* [WHAT YOU SHOULD DO] Return the records that follow unaltered. Omit every picture.

[Dataset entries]
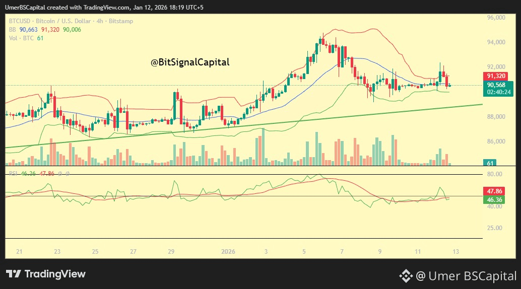 Bitcoin (BTCUSDT) on the 4-hour timeframe is currently trading inside a tight consolidation range after completing a strong impulsive rally followed by a healthy correction. This structure typically appears before a high-volatility expansion.
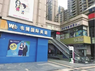 10月11日下午3点,大河报·大河财立方记者探访了韦博英语位于郑州金水区的升龙广场店。该培训点位于广场的二楼,广场上韦博国际英语的广告墙格外醒目。
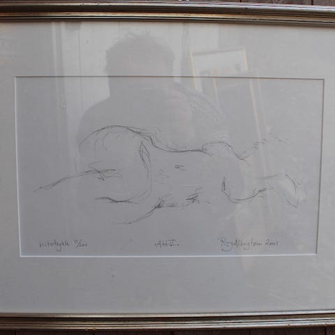 Ridley Borchgrevink Tegning av hund signert
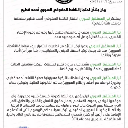تيار المستقبل السوري يحمل السلطات التركية مسؤولية حماية الناشط أحمد قطيع، وضرورة تواصله مع أهله،
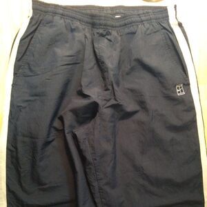 Vintage Nike Tennis Striped Mesh Lined Wind Pants Joggers Trainers, Side Pockets, Rear Zipper Pocket, Zippers At Ankles (On Inside Of Leg NOT Outside Of Leg - Pictured) - Size Large - Measures Adjustable Drawstring Elastic Waist(Flat)=15" Inseam=28" Front Rise=13.5" - Excellent Condition, No Flaws - Navy Blue Color Pants
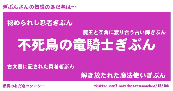 | 男性向けラノベタイトル風あだ名 | 『転生したらぎぶんだった件』 |

* [TASK RESULT]
 Bitcoin (BTCUSDT) on the 4-hour timeframe is currently trading inside a tight consolidation range after completing a strong impulsive rally followed by a healthy correction. This structure typically appears before a high-volatility expansion.
 10月11日下午3点,大河报·大河财立方记者探访了韦博英语位于郑州金水区的升龙广场店。该培训点位于广场的二楼,广场上韦博国际英语的广告墙格外醒目。
 Ridley Borchgrevink Tegning av hund signert
تيار المستقبل السوري يحمل السلطات التركية مسؤولية حماية الناشط أحمد قطيع، وضرورة تواصله مع أهله،
 Vintage Nike Tennis Striped Mesh Lined Wind Pants Joggers Trainers, Side Pockets, Rear Zipper Pocket, Zippers At Ankles (On Inside Of Leg NOT Outside Of Leg - Pictured) - Size Large - Measures Adjustable Drawstring Elastic Waist(Flat)=15" Inseam=28" Front Rise=13.5" - Excellent Condition, No Flaws - Navy Blue Color Pants
 | 男性向けラノベタイトル風あだ名 | 『転生したらぎぶんだった件』 |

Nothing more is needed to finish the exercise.